Aspen Mtell® is a predictive and prescriptive maintenance solution that can provide early warnings of potential failures using a series of agents to monitor your equipment 24 hours a day. These can range from rules-based condition monitoring agents to machine learning agents that provide the earliest failure warnings. Furthermore, Aspen Mtell monitors groups of sensors not only on the equipment, but upstream and downstream of the equipment. This allows monitoring of process conditions that can lead to failure, providing the earliest warnings to avoid downtime.
By using historized time series data, ranging from minute to hourly, Aspen Mtell’s machine learning can identify multivariate sensor data and provide alerts indicating possible or early-stage failure. The goal of this early alerting is to allow maintenance and operations planners to make the right choices for how and when to best address issues. This results in increased mitigation options and insight into the impact on production requirements.
Figure 1: Increased mitigation options with early predictive analytics
In addition, the earlier the alert is received, the more the financial impact of the mitigation is reduced. Aspen Mtell accomplishes this in several ways. First, it enables process change that eliminates the conditions that could lead to failure. Additionally, it gives maintenance planners time to develop the most cost-effective way of reducing economic impact without having to “hot shot” spare parts. It also enables them to utilize repair crews for addressing this risk and possibly other required maintenance needs, and it eliminates overtime costs for maintenance personnel. The biggest impact Aspen Mtell delivers is avoiding having to take equipment out of service and instead, scheduling this time to coincide with an upcoming planned outage, eliminating unplanned operational downtime.

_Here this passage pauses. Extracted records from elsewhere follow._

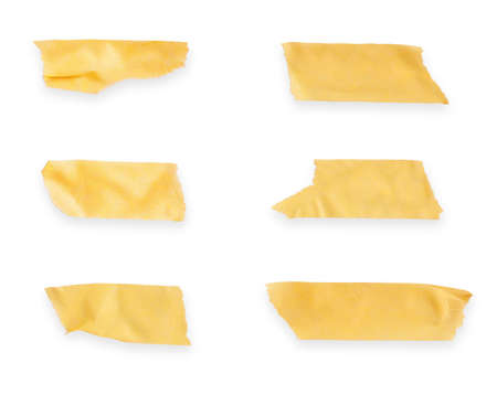 A collection of yellow masking tape pieces in different sizes and shapes on a dark surface.
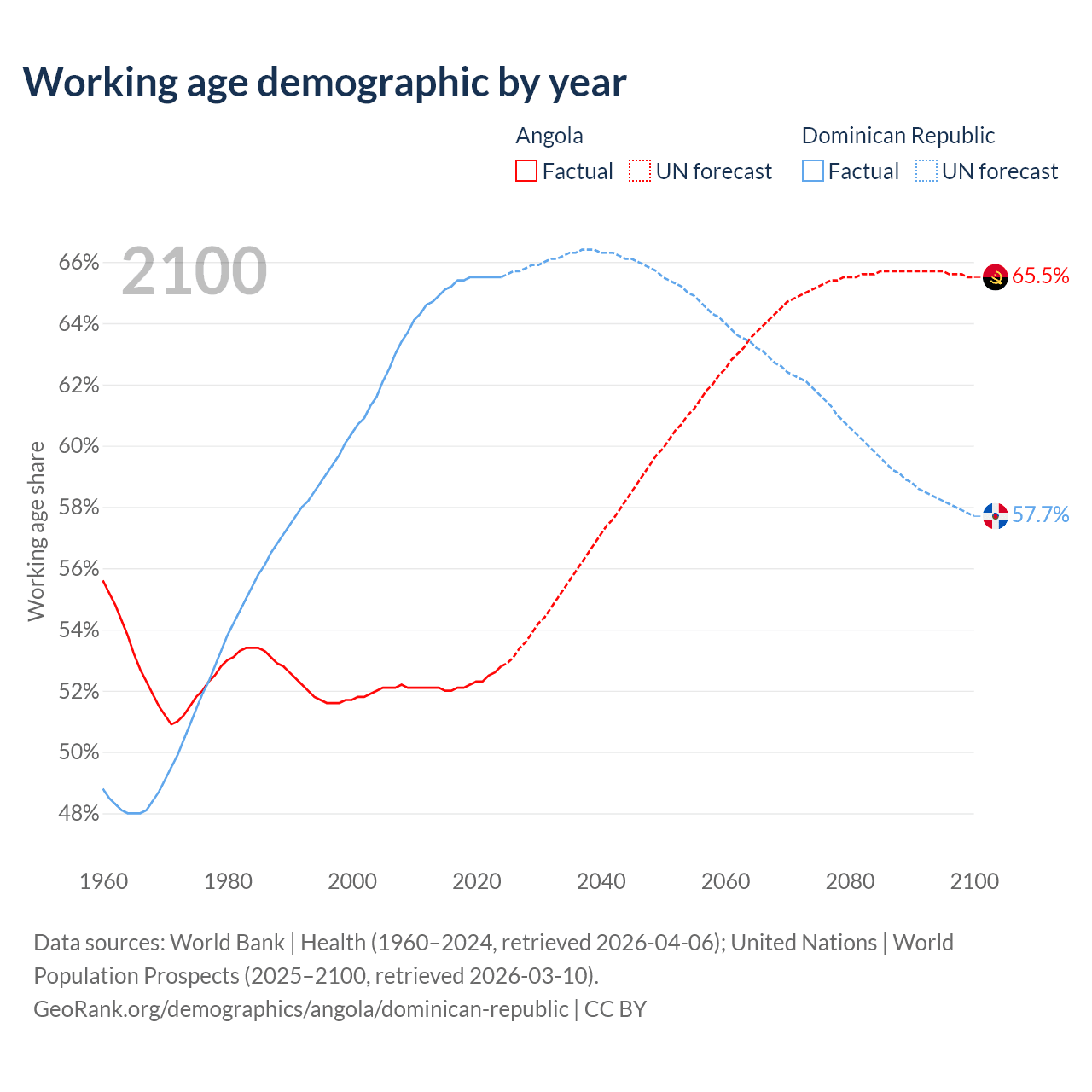 - Angola has 21.4M working age adults (aged 15-64) vs 7.63M in the Dominican Republic.
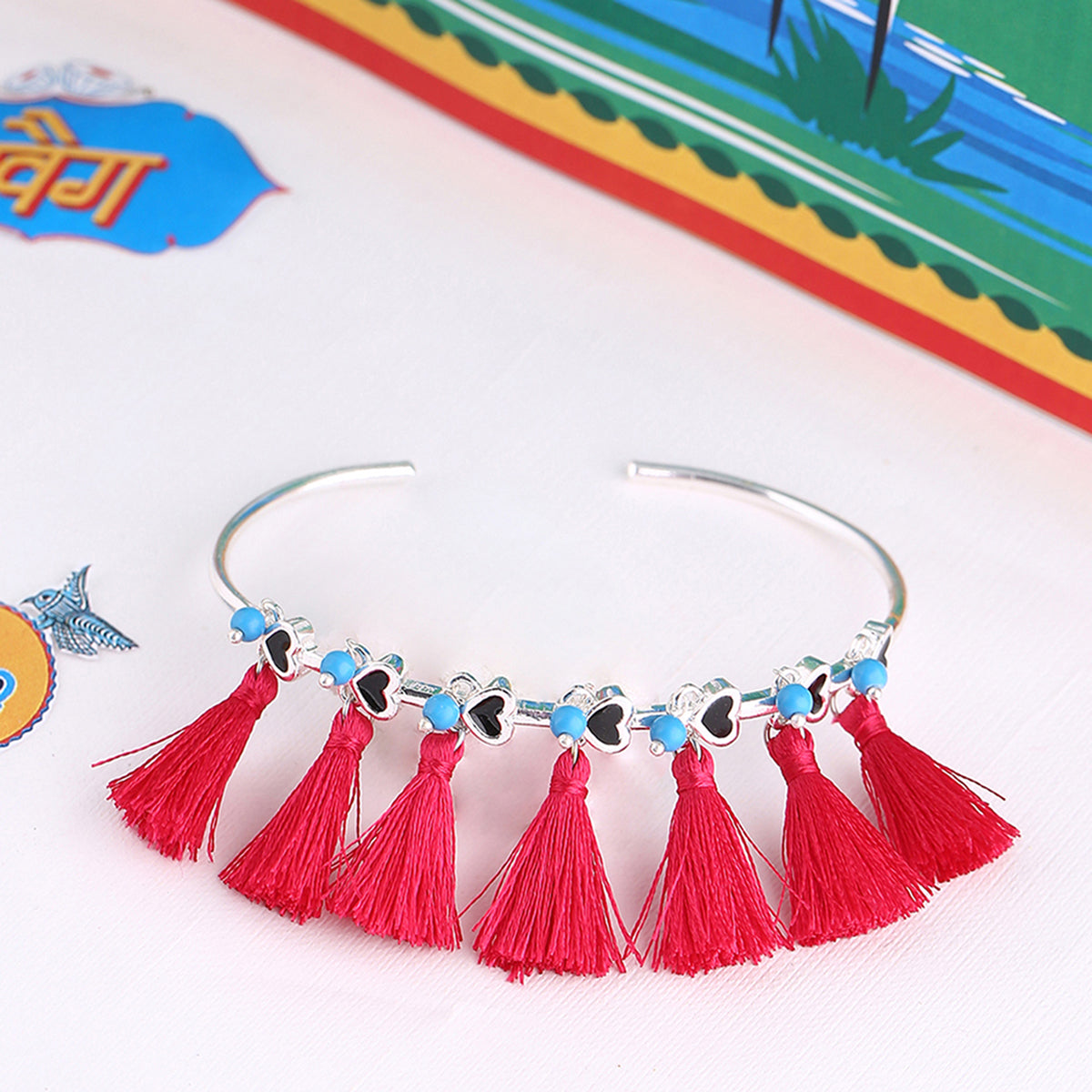 Popular motifs and designs on Indian trucks have inspired this brass cuff bracelet, which features colourful tassels. Enameled and silver plated. Perfect for formal ethnic and Indo-Western looks.
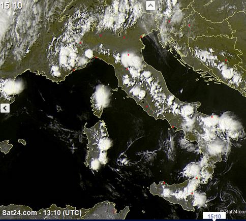 Come vediamo da scatto satellitare allegato, i temporali sulle aree interne del Centro-Sud sono in pieno sviluppo e sono molto forti. Fenomeni violenti vengono segnalati sul settore Est della Sardegna e sul Nord della Sicilia, con sconfinamenti in mare, sullo Stretto di Messina e sulle Isole Eolie. Nubifragi con grandine hanno colpito e stanno colpendo zone interne di Puglia, Basilicata e Calabria, mentre negli ultimi 45 minuti si sono formati temporali visibilmente violenti sul Lazio, Toscana ed Emilia-Romagna.
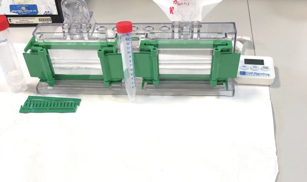 الخطوة الأولى في هذه التجربه هي تحضير عينة البروتينsample preperation. لا بد عينه البروتين تحضر بشكل سليم حتى تحصل على نتيجه صحيحه وواضحه. تحضير هذه العينه يعتمد على عدة عوامل منها: نوع الخليه/النسيج لااختيار المحلول المناسب لاإذابه البروتين، يتبع>>

Figure 2: Decreased mitigation costs with early predictive analytics
Often people try to utilize Aspen Mtell and predictive analytics for alarming purposes. Alarming should be utilized for letting customers know when things are changing very rapidly, and when immediate action is required to prevent a catastrophic breakdown of equipment or process conditions. There are typically several systems in place, such as a DCS, that notify personnel when an issue is about to happen and often provides the immediate remediation for the alarm.
Machine learning and digital solutions allow everyone, from operators to the boardroom, to see the state of equipment at-a-glance. When recently implemented at a multinational energy company, Aspen Mtell was utilized to predict failure on a hydrogen compressor with 35 days lead-time. The advanced alerting avoided an emergency shutdown and allowed the customer to meet its scheduled production goals. Overall implementation of Aspen Mtell at various sites has resulted in 30% savings in maintenance costs per year for the customer.
With its AI-driven agents, Aspen Mtell offers a comprehensive solution that not only enhances equipment monitoring but also empowers stakeholders at all levels; ultimately driving efficiency, reliability, and cost-effectiveness.